Duodenal Ulcer
What
is it?
A
duodenal ulcer is a raw area in the lining in the
upper part of the small intestine (duodenum),
where it connects to the stomach.
Who
gets it?
People
who have a family history of duodenal ulcer are
more likely to get them, and the problem is four
times greater in men than in women over fifty
years of age. Other risk factors include having a
Helicobacter pylori infection, using nonsteroidal
anti-inflammatory drugs such as aspirin and
ibuprofen, and the use of cigarettes and alcohol.
What
causes it?
A
duodenal ulcer is caused when the lining of the
stomach is eaten away by stomach acid and
digestive juices. A type of bacteria called
Helicobacter pylori, also called H. pylori,
commonly causes this. Other common causes of
duodenal ulcers include anti-inflammatory
medications such as aspirin and ibuprofen, stress,
nicotine, caffeine, and alcohol use.
What
are the symptoms?
The
symptoms of duodenal ulcers include heartburn,
stomach pain relieved by eating or taking
antacids, weight gain, and a burning sensation at
the back of the throat. The patient is most likely
to feel discomfort two to four hours after meals,
or after having citrus juice, coffee, or aspirin.

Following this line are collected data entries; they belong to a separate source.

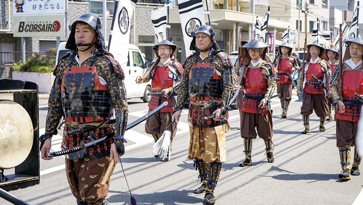 毎年恒例となっていたが、コロナ禍の中止を経て、昨年は武者行列の区間を雲松院から金剛寺までと、規模を縮小して実施した。今年は、三会寺から県道12号横浜上麻生線を経由し、小机城址市民の森まで、5年ぶりに例年通りの行程に戻して練り歩いた。武者に扮したのは約70人。鉄砲隊による迫力ある発砲演技に、目を輝かせる来場者の姿も。パレードには、子ども神輿やお囃子、近隣小学校のマーチングバンド、消防音楽隊なども参加し、行列が行進する姿を一目見ようと沿道には多くの人が集まった。
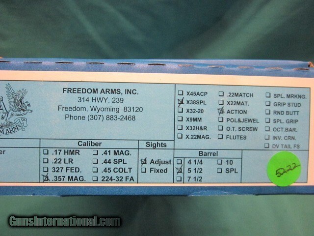 Freedom Arms Model 97 Premier DUAL cylinder .357mag/.38 special 5 1/2" new in box
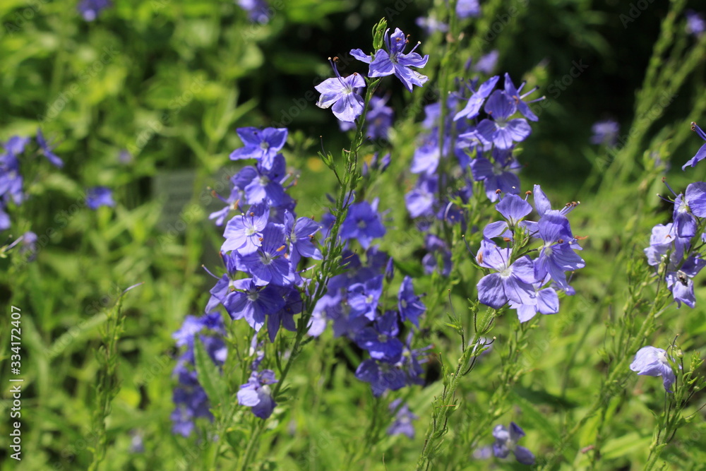 "Broadleaf Speedwell" flowers (or Gamanderartiger Ehrenpreis, Bird's Eye, Gypsyweed) in St. Gallen, Switzerland. Its Latin name is Veronica Teucrium, native to Europe, Siberia and West Asia.
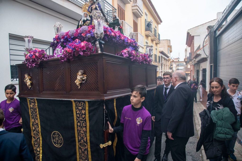 El pequeño paso de misterio ha sido portado por veinte costaleros, quedando a cargo de su capataz, Carmen López Rodríguez, que ha tenido como asistentes a la joven Jimena Fernández y Santiago Rodríguez Marcos. Además, todo su trabajo ha sido supervisado en todo momento por Francisco López Morales, “Paquito”, capataz del paso de misterio del miércoles santo. Por lo que respecta al exorno floral, ha sido realizado por “Casa Floral Palmira”. Finalmente, ha cerrado el cortejo la Sección Musical del Santísimo Cristo de la Resurrección de Granada que ha marcado con sus sones el paso de la cuadrilla de costaleros. Bajo esta disposición y sin ningún tipo de interferencia climatológica se ha podido concluir el itinerario marcado, si bien, el retraso de una hora causado por la lluvia ha motivado que el cortejo haya marchado a un ritmo más acelerado para efectuar así el encierro a la hora fijada, las 20:30 hrs de la tarde.
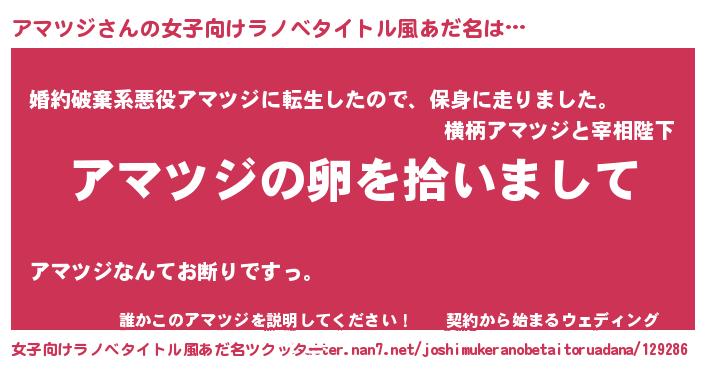 | 男性向けラノベタイトル風あだ名 | 『ダンジョンにアマツジを求めるのは間違っているだろうか』 |

About fifty percent of patients with duodenal
ulcers awake during the night with pain, usually
between midnight and three a.m.
If an ulcer is bleeding, the patient may have
vomit containing bright red blood or digested
blood that looks like brown coffee grounds and
black, tarry bowel movements.
How is
it diagnosed?
To
diagnose a duodenal ulcer, the doctor will review
the patient’s symptoms, medical history and
perform an exam. The doctor may order tests such
as an upper GI x-ray, in which the patient
swallows liquid barium to locate the ulcer on
x-ray. The doctor may also order blood tests to
look for H. pylori bacteria or anemia and test
stool samples to check for blood (which might come
from a bleeding ulcer). The doctor may perform an
endoscopy, which allows the doctor to view the
upper digestive tract, or a biopsy, which involves
taking a piece of tissue during an endoscopy and
sending it to the lab for tests.
What
is the treatment?
To
treat a duodenal ulcer, the doctor may prescribe
antibiotics to treat H. pylori; antacids;
sucralfate, a medicine that forms a protective
barrier over the site of the ulcer; and other
medications to reduce the amount of acid the
stomach makes.
The
doctor will probably recommend that the patient
takes antibiotics for one to two weeks, and may
recommend other medications to reduce acid for up
to twelve months to prevent new ulcers.
Rarely,
complications of duodenal ulcers can develop such
as hemorrhaging, perforation of the intestinal
wall, or an obstruction that prevents passage of
food. These complications may require surgery.
Self-care tips
Duodenal ulcers respond well to treatment, but
changes in lifestyle may be recommended to prevent
reoccurrences. Patients should consider not
smoking or using other tobacco products and reduce
their alcohol consumption and caffeine intake.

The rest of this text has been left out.